Yay!  I have a Timeslip Tuesday post!  Time Travelling with a Hamster, by Ross Welford (Schwartz & Wade, October 4, 2016) is more than just a cute hamster adventure, but is also a rather moving story of time travel used in its most personally powerful way--to save the life a beloved parent.  It begins thus:

My dad died twice. Once when he was thirty-nine and again four years later, when he was twelve.

Al Chaudhury's dad died, and his mom remarried, so Al now has a stepfather and stepsister, and a hole in his heart where his father was.  But then on his 12th birthday, a letter from his father arrives, and gives him hope that his loss might be undone.  The letter sends Al on a mission back in time.  Back in the bunker at their old house, his father had built a time machine, that actually works.  If Al can go back to 1984, and prevent the go-kart accident that will ultimately lead to his father's death, that death won't happen after all.  So Al, accompanied by his pet hamster, sets out to the past.

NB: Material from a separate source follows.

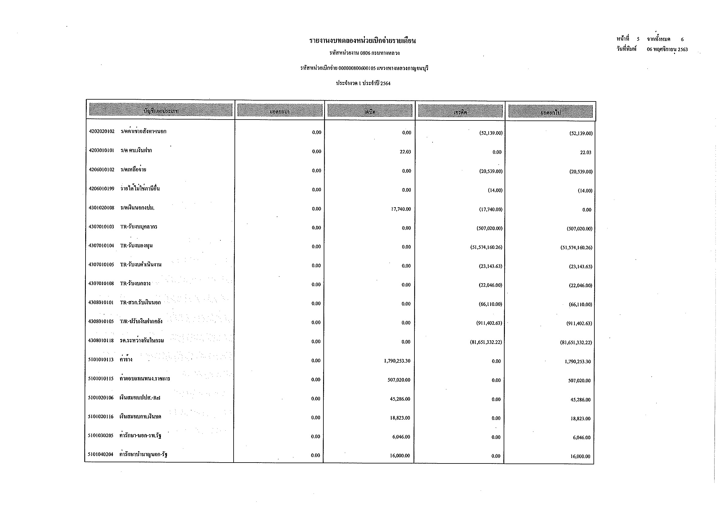 รายงานงบทดลองหน่วยเบิกจ่ายรายเดือน ประจำงวด 1 ประจำปีที่ 2564

Time travel, though, is tricky and complicated, and though it seems easy to change one specific event it's harder than Al thought (hence the second death of his father when only twelve, that ends up with Al in a very sad present.  And it's hard for Al to get to the bunker, which is quite far from his new house.  Misadventures and mishaps (stealing his grand-dad's moped, setting his school on fire, dealing with a bully back in his dad's childhood, endangering his hamster) make his job difficult, but he is determined....

So it's a story of desperation, with funny bits and tense bits (that other people might find more amusing then me, for whom tension is never funny), and there's extra depth from familial connections, such as that between Al and his Indian grand-dad, and extra interest for us US readers, from the English setting.

In short, it's a good read, one that keeps complicating things until its not clear that things will work out for Al, his dad, or the hamster, but happily, it does end well!